Invasion of the Aspect Ratios

This week’s feature, Invasion of the Body Snatchers, has long been regarded as a political hot potato. Like High Noon, it’s either a preachment for vigilance in the face of a Communistic menace or a cautionary allegory of a conformist overreaction to that selfsame menace. But for a certain kind of cinephile, the aspect ratio of Invasion of the Body Snatchers is just as contested as its ideological underpinnings. Moviegoers shouldn’t be passive pods for received wisdom, so we thought it would be edifying to discuss the context of theatrical exhibitions in the 1950s and beyond. – Eds. 

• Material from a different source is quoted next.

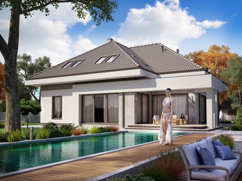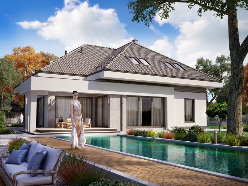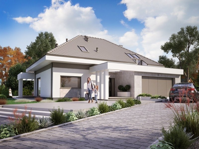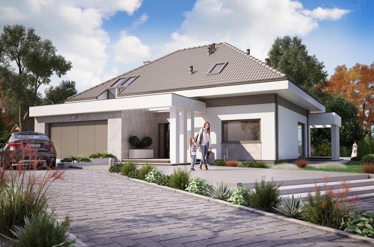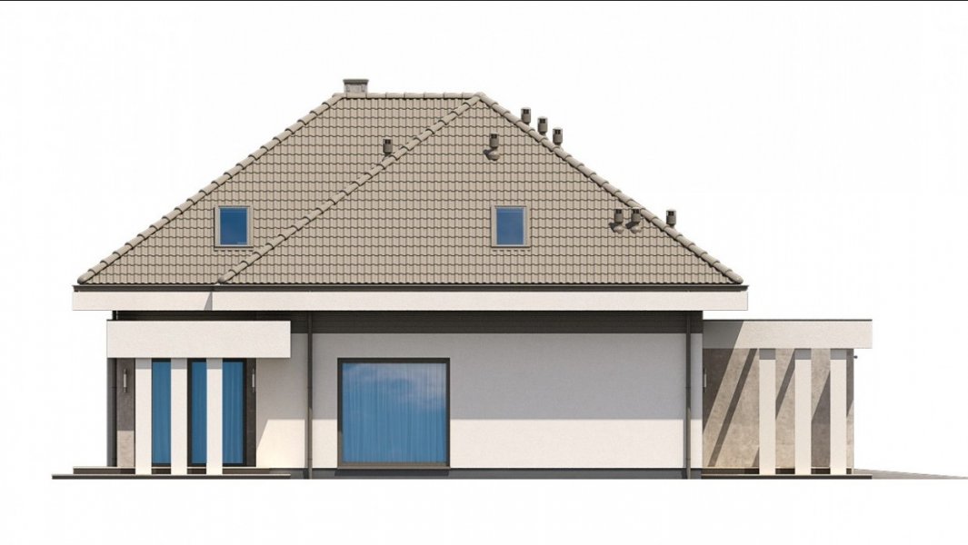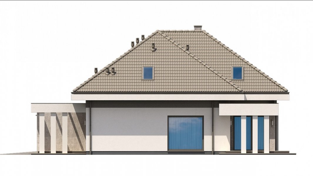 Ka61 projekt domu z użytkowym poddaszem, którego powierzchnię rozplanowano na blisko 183 m2. W strefie dziennej zaprojektowany został przestronny salon z jadalnią o powierzchni 50 m2. Dodatkowo tuż przy schodach wydzielony został pokój, który może pełnić funkcję gabinetu lub pokoju dla gości. Na poddaszu zaprojektowano 3 duże sypialnie, 2 garderoby, łazienkę oraz pralnię. Projekt tego domu jest przestronny i funkcjonalny.
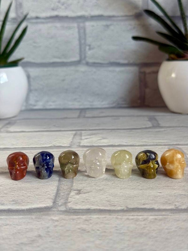 Spooky Skull Carvings in Red Jasper, Sodalite, Amethyst, Clear Quartz, Citrine, Green Jade Obsidian and Orange Calcite materials ✨

The shape and configuration of theatrical film has been basically unchanged since the earliest days of the twentieth century—35mm in width, four uniform perforations per frame. The relative apportionment of image and sound within that frame has changed tremendously, however, and projectionists have long been expected to extract images of all shapes and sizes from the same old film strip. Through a combination of specialized lenses, lens attachments, aperture plates, and screen masking, they present a range of rectangular images known in industry parlance as aspect ratios.

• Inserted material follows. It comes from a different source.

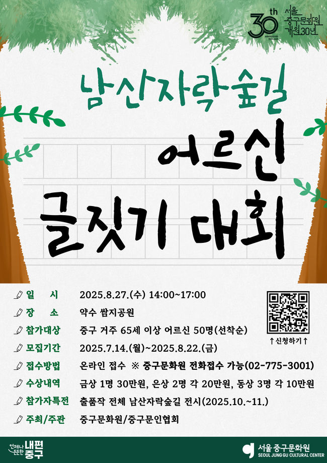 서울 중구, 남산자락숲길 어르신 글짓기 대회 개최
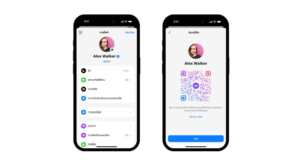 ผู้ใช้สามารถให้อีกฝ่ายเพิ่มเป็นเพื่อนทาง Messenger ได้ง่าย ๆ โดยไปที่การตั้งค่าและกดเลือกไอคอน QR code ด้านบน จากนั้นให้เพื่อนสแกน QR code ด้วยกล้องถ่ายภาพบนมือถือ หรือส่งลิงก์ให้อีกฝ่ายโดยการกด ‘แบ่งปัน’ (Share)

These shapes are expressed in numeric terms, as a ratio of image width to image height. The common aspect ratio 1.37:1, for example, means that the image on screen is 1.37 times wider than it is high. Counterintuitively, many of the wider aspect ratios like 1.85:1 achieve this apparent horizontal superiority simply by artificially constricting the height of the frame; since we’re talking in ratios rather than absolutes, cropping the top and bottom from the frame does yield a wider image, albeit with some loss of clarity when blown up on an enormous theater screen. The ultra-wide Cinemascope—2.39:1—uses a two-piece lens to anamorphically stretch a heavily compressed image on a conventional film strip.